ITEM 5.  OWNERSHIP OF FIVE PERCENT OR LESS OF A CLASS
          N/A
ITEM 6.  OWNERSHIP OF MORE THAN FIVE PERCENT ON BEHALF OF ANOTHER PERSON
          1)Neither Institutional Capital Corporation, nor Mr.
            Lyon serves as custodian of the assets of any of
            Institutional Capital Corporation's clients;
            accordingly, in each instance only the client or
            client's custodian or trustee bank has the right to
            receive dividends paid with respect to and proceeds
            from the sale of, such securities.
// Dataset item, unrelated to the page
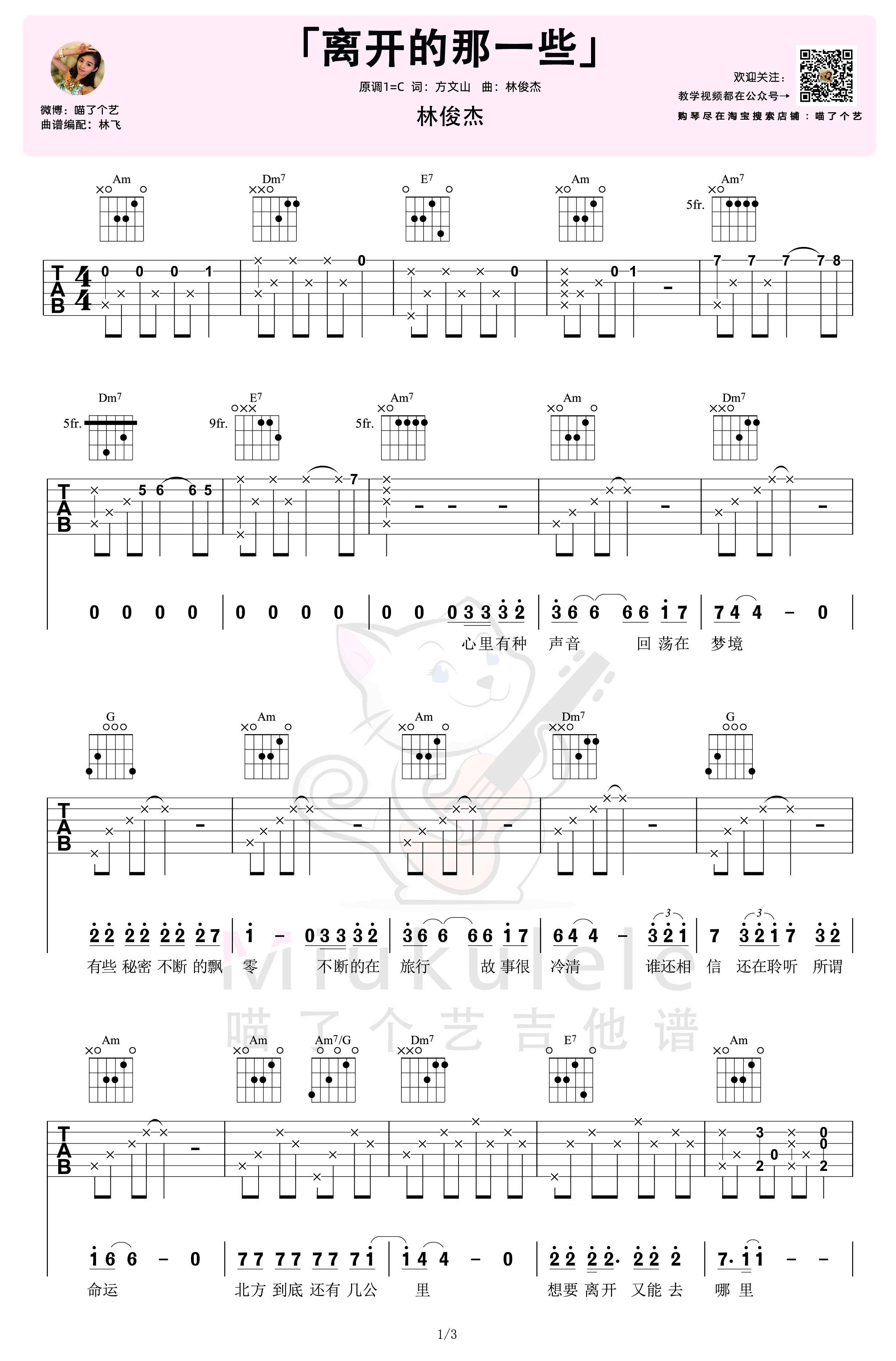 吉他林俊杰《离开的那一些》吉他谱_吉他弹唱谱_喵了个艺编配

            The ultimate power to direct the receipt
            of dividends paid with respect to, and the
            proceeds from the sale of, such securities
            is vested in the individual and
            institutional clients for which
            Institutional Capital Corporation serves
            as investment advisor.  Any and all
            discretionary authority which has been
            delegated to Institutional Capital
            Corporation may be revoked in whole or in
            part at any time.

            Not more than 5% of the class of such
            securities is owned by any one of such
            clients subject to the investment advice
            of Institutional Capital Corporation or
            its affiliates.

          2)With respect to securities owned by any one of the
            ICAP Funds, only UMB Bank, as custodian for each of
            such Funds, has the right to receive dividends paid
            with respect to, and proceeds from the sale of such
            securities.  No other person is known to have such
            right, except that the shareholders of each such Fund
            participate proportionately in any dividends and
            distributions so paid.



ITEM 7.  IDENTIFICATION AND CLASSIFICATION OF THE SUBSIDIARY WHICH
ACQUIRED THE SECURITY BEING REPORTED ON BY THE PARENT HOLDING COMPANY
          N/A
ITEM 8.  IDENTIFICATION AND CLASSIFICATION OF MEMBERS OF THE GROUP
          Institutional Capital Corporation, a Delaware
          corporation, is an investment  advisor
          registered under Section 203 of the
          Investment Advisers Act of 1940.  Mr. Lyon is
          President of Institutional Capital
          Corporation and beneficially owns 51% of
          Institutional Capital Corporation's
          outstanding voting securities.  Mr. Lyon is
          joining in this Schedule 13G because, as a
          result of his position with and ownership of
          securities of  Institutional Capital
          Corporation, Mr. Lyon could be deemed to have
          voting and/or investment power with respect
          to the shares beneficially owned by
          Institutional Capital Corporation.  Neither
          the filing of this joint Schedule 13G nor any
          information contained herein shall be
          construed as an admission by Mr. Lyon of his
          control or power to influence the control of
          Institutional Capital Corporation.
ITEM 9.  NOTICE OF DISSOLUTION OF GROUP
          N/A
ITEM 10.  CERTIFICATION
          By signing below the undersigned (i) certify
          that, to the best of their knowledge and
          belief, the securities reported herein were
          acquired in the ordinary course of business
          and were not acquired for the purpose of and
          do not have the effect of changing or
          influencing the control of the issuer of such
          securities and were not acquired in
          connection with or as a participant in any
          transaction having such purposes or effect
          and (ii) hereby declare and affirm that the
          filing of this Schedule 13G shall not be
          construed as an admission that either of the
          reporting persons is the beneficial owner of
          the securities reported herein, which
          beneficial ownership is hereby expressly
          denied (except for such shares, if any,
          reported herein as beneficially owned by
          Institutional Capital Corporation, for its
          own accord or by Mr. Lyon for his individual
          account and not as a result of his position
          with and ownership of  securities of
          Institutional Capital Corporation).



SIGNATURE
          After reasonable inquiry and to the best of
          our knowledge and belief, the undersigned
          certify that the information set forth in
          this statement is true, complete and correct.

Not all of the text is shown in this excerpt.